___ Dataset
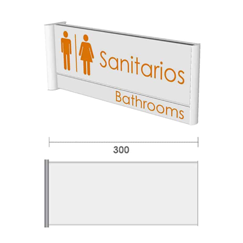 Señalización plana doble cara, horizontal con extrusión de aluminio anodizado. Se completa con tapas de plástico y bracket montable a la pared. Ideal para lograr mayor visibilidad de los señalamientos en pared, sosteniendo el gráfico en uno de sus extremos. Ideal para elevadores, oficinas, rutas de evacuación, entre otras aplicaciones.
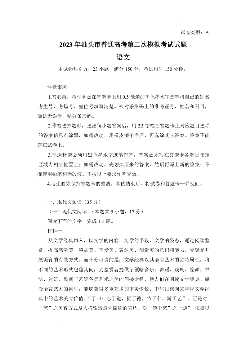 高三语文--广东省汕头市2023普通高考第二次模拟考试(汕头二模)
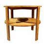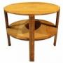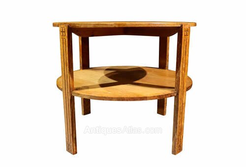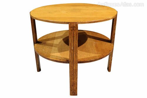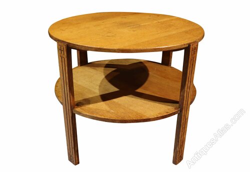 The table features a well-proportioned circular solid oak top, raised on four square-section legs with subtle linear incised detailing, united by a lower circular undertier that provides both visual balance and practical storage. The restrained decoration and emphasis on proportion and craftsmanship are hallmarks of British Art Deco design, where utility and elegance were carefully combined.
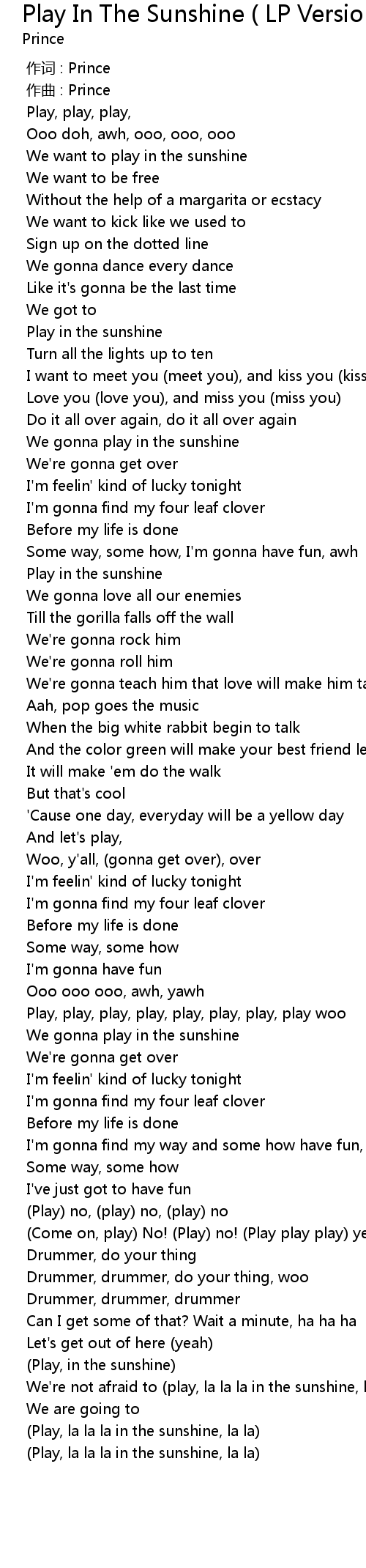 | 歌曲 | Play In The Sunshine ( LP Version ) |
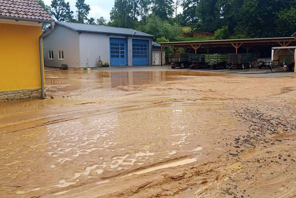 Die Regenmengen – private Regenmessstationen verzeichneten stellenweise in einer viertel Stunde rund 50 Liter Niederschlag pro Quadratmeter – sorgten in den betroffenen Ortschaften für überflutete Keller und Straßen.
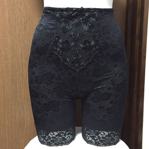 【レディース・補正下着】しまむら 豪華で美しい花柄ジャガード素材 ロングガードル 黒 82サイズ
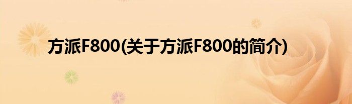 本文关于方派F800的简介就讲解完毕,希望对大家有所帮助。
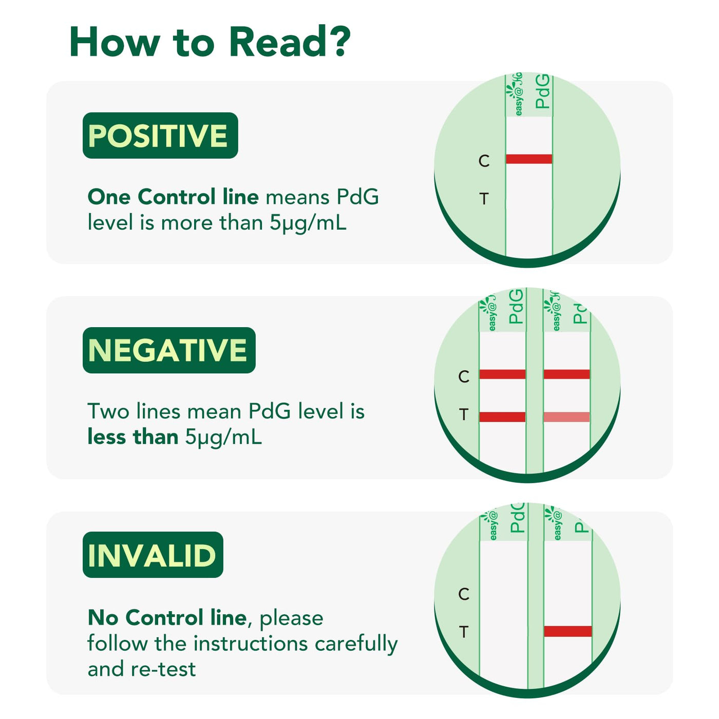 - Easy At-Home Testing: Dip the strip in first morning urine for 5-10 seconds, then read the results after 5-10 minutes. One control line means a positive PdG level (over 5g/mL), while two lines indicate a negative result. No complex tools needed-easy and straightforward results
______
**Task objective**: Retype only the lines from the line with "高三语文--广东省汕头市2023普通高考第二次模拟考试(汕头二模)" through the last line of the data. Keep both ends and skip the pictures.

**Your response**:
 高三语文--广东省汕头市2023普通高考第二次模拟考试(汕头二模)
 The table features a well-proportioned circular solid oak top, raised on four square-section legs with subtle linear incised detailing, united by a lower circular undertier that provides both visual balance and practical storage. The restrained decoration and emphasis on proportion and craftsmanship are hallmarks of British Art Deco design, where utility and elegance were carefully combined.
 | 歌曲 | Play In The Sunshine ( LP Version ) |
 Die Regenmengen – private Regenmessstationen verzeichneten stellenweise in einer viertel Stunde rund 50 Liter Niederschlag pro Quadratmeter – sorgten in den betroffenen Ortschaften für überflutete Keller und Straßen.
 【レディース・補正下着】しまむら 豪華で美しい花柄ジャガード素材 ロングガードル 黒 82サイズ
 本文关于方派F800的简介就讲解完毕,希望对大家有所帮助。
 - Easy At-Home Testing: Dip the strip in first morning urine for 5-10 seconds, then read the results after 5-10 minutes. One control line means a positive PdG level (over 5g/mL), while two lines indicate a negative result. No complex tools needed-easy and straightforward results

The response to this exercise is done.